_PROBLEM DESCRIPTION_
Copy, word for word, the lines below from the one containing "Your Arms Are" up to and including the one containing "The woodpecker will", with pictures left out.

_DATA SUPPLIED_
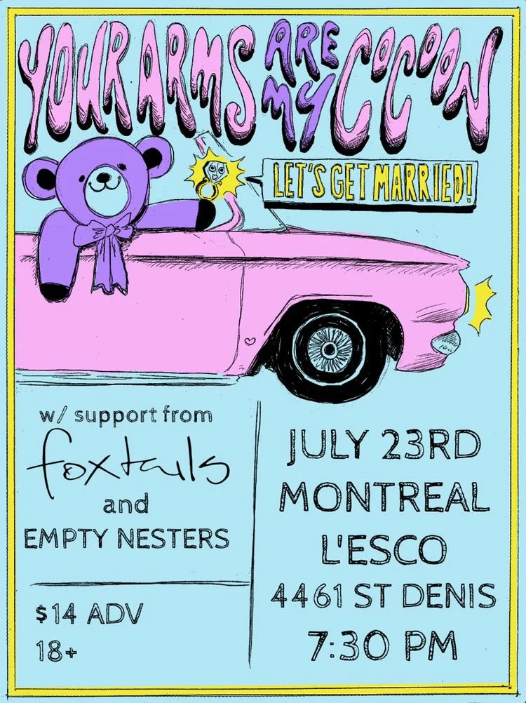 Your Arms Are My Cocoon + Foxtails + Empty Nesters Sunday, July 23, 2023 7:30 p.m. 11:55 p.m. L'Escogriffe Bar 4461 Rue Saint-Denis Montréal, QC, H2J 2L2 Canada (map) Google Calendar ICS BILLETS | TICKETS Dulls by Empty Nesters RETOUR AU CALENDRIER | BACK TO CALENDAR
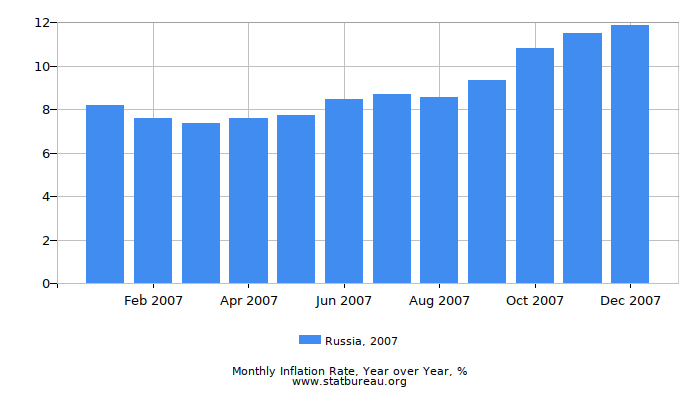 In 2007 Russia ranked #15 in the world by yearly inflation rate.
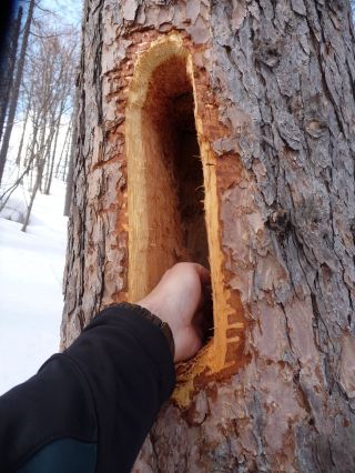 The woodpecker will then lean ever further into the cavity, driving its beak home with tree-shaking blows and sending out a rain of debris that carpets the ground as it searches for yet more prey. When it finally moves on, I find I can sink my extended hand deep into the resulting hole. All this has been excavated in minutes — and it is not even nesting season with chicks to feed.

...

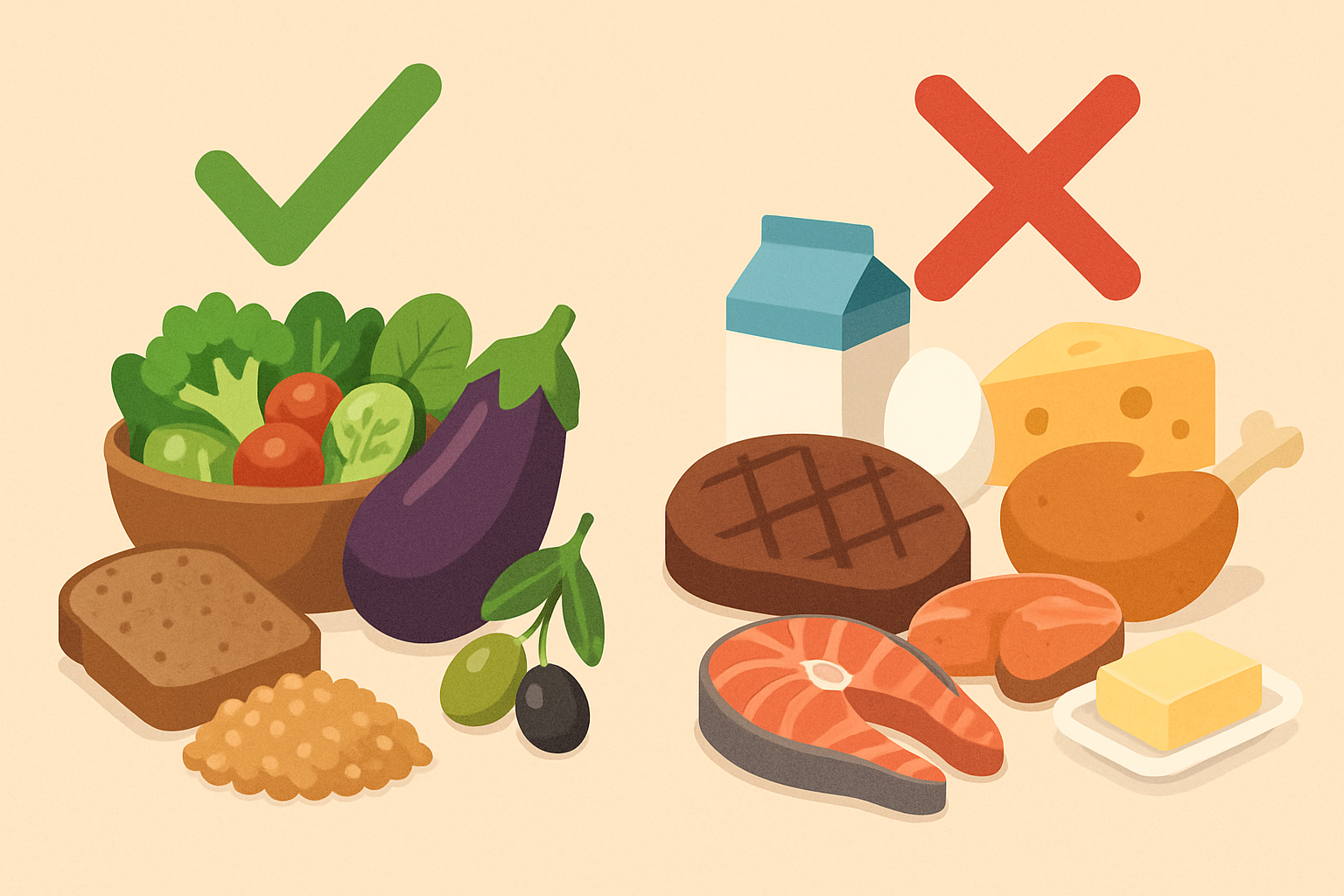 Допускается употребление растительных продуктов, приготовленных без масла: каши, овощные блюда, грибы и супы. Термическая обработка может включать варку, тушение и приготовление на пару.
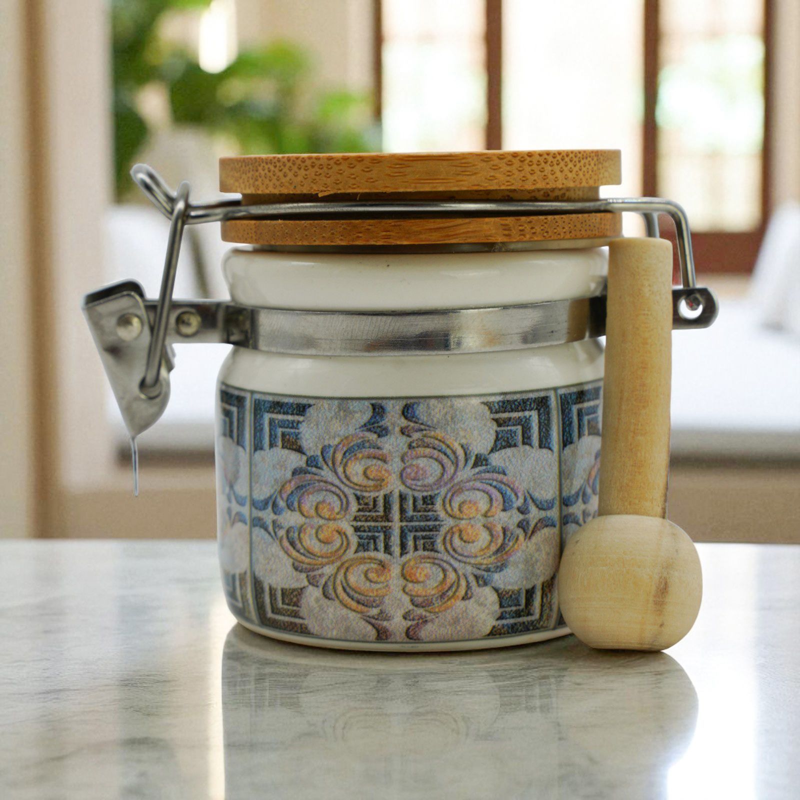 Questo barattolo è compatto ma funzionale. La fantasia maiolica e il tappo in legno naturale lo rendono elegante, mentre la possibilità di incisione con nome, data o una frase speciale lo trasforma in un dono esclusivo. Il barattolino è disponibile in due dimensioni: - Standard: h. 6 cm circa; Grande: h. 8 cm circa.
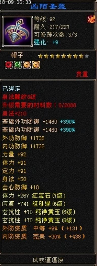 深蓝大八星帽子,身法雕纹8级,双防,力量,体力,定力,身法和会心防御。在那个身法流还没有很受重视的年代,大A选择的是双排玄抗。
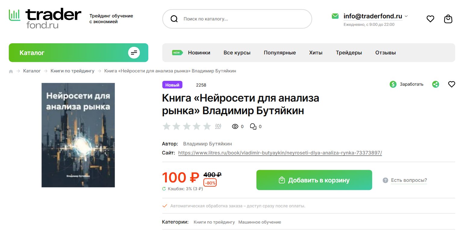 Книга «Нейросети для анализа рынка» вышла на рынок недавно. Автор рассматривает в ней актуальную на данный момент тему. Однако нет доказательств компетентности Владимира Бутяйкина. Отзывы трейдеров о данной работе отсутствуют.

_FINAL ANSWER_
 Your Arms Are My Cocoon + Foxtails + Empty Nesters Sunday, July 23, 2023 7:30 p.m. 11:55 p.m. L'Escogriffe Bar 4461 Rue Saint-Denis Montréal, QC, H2J 2L2 Canada (map) Google Calendar ICS BILLETS | TICKETS Dulls by Empty Nesters RETOUR AU CALENDRIER | BACK TO CALENDAR
 In 2007 Russia ranked #15 in the world by yearly inflation rate.
 The woodpecker will then lean ever further into the cavity, driving its beak home with tree-shaking blows and sending out a rain of debris that carpets the ground as it searches for yet more prey. When it finally moves on, I find I can sink my extended hand deep into the resulting hole. All this has been excavated in minutes — and it is not even nesting season with chicks to feed.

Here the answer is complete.